Nifty saw a resistance at 11000. Resistance at 11,000 is a Huge Psychological Resistance At Play in Nifty.

I hope you know that Nifty does not move depending on the derivatives markets – it is totally depended on the Nifty 50 stocks:
https://www.moneycontrol.com/markets/indian-indices/?ind_id=9
https://economictimes.indiatimes.com/indices/nifty_50_companies

On top of that not all stocks have the same weightage on Nifty. Some have more some less.

I am sure you may be surprised that currently some stocks are below their level when Nifty was at 10,500 a few days back. Today its at 11,000 still many Nifty 50 stocks and others too are below what they were when Nifty was at 10500.

These are some of the stocks that are down:

ICICI Bank, Canara Bank, SBI, VEDL, Tata Steel, Tata Motors, Titan, HPCL, IOC, PFC, REC, SAIL, PNB, BOB, Sun TV, Ashok Leyland, LIC etc.

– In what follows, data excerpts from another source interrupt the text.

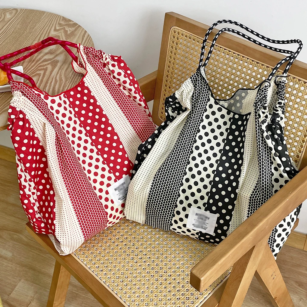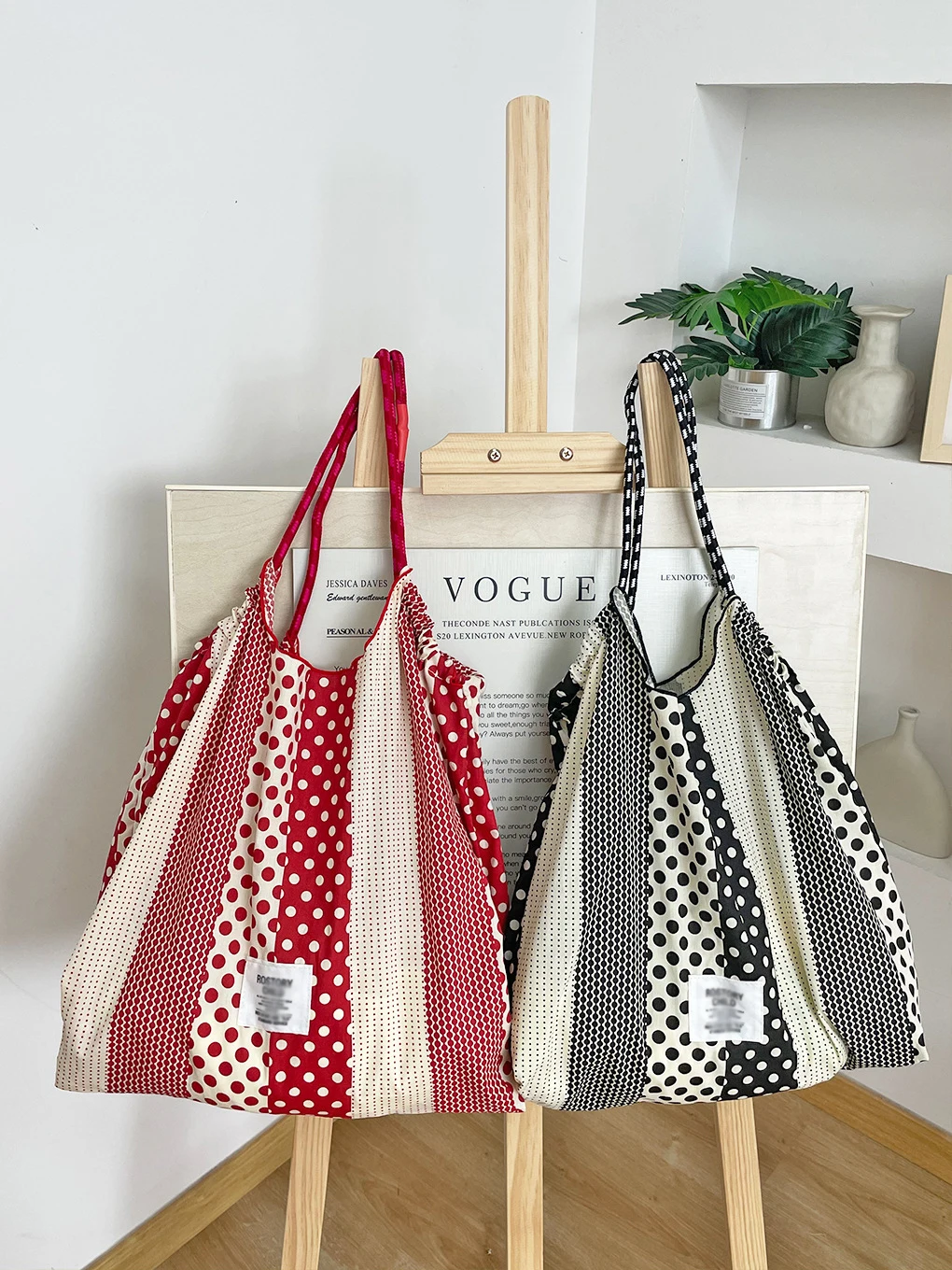 Lawaia-Bolso de algodón con cordón para fiesta, bolsa de almuerzo con lunares, color rojo, negro y blanco, 50-40cm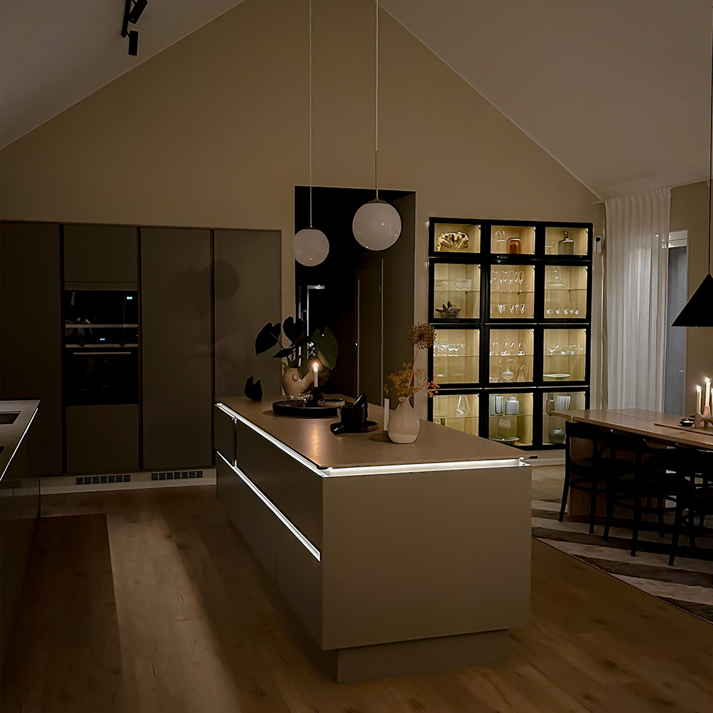 Våra flexibla LED-strips är enkla att montera med sin självhäftande tejp på baksidan. LED-strip drivs med 24V och kräver en transformator för att ansluta till ström. Alla våra LED-strips är dimbara. För att skapa snygga installationer med jämnt ljus montera LED-strip i aluminiumprofil.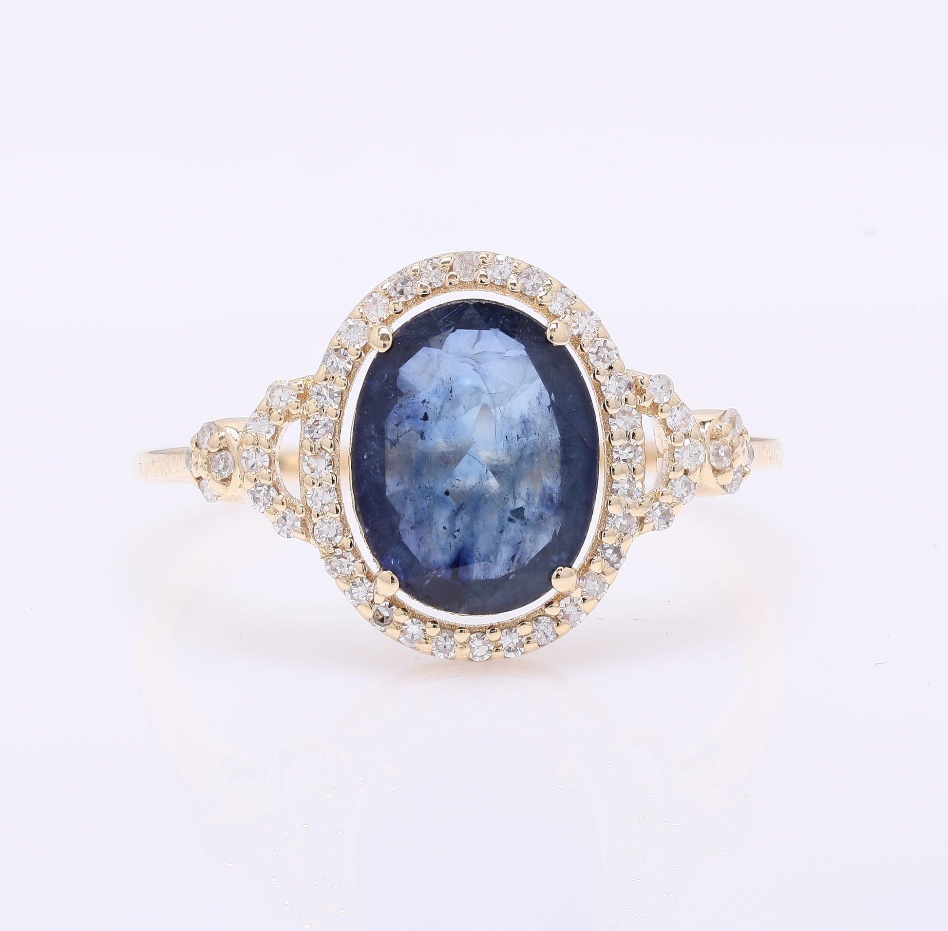 1.99 Ct Oval Mixed Cut Natural Sapphire 14K Gold Ring

And the case with mid-caps is even worse. 🙁

Investors who invested in mid-caps a few months back must be getting frustrated and may press the panic button (take a stop loss/sell). This will ensure some of the mid-caps will fall further.

So if you are planning to buy stocks now, do not buy mid-caps. Wait for a clear reversal, then buy.

Fact is these things will continue in stock markets. Buy and Hold for years is now a dead policy. Its better to book profits and reinvest in other good stocks.

Fact is only options that too non-directional trading can make a regular income, monthly income, yearly income. Even if Nifty goes from 11000 to 10000 and then again comes back to 11000 – people who know options non-directional strategies can make regular income.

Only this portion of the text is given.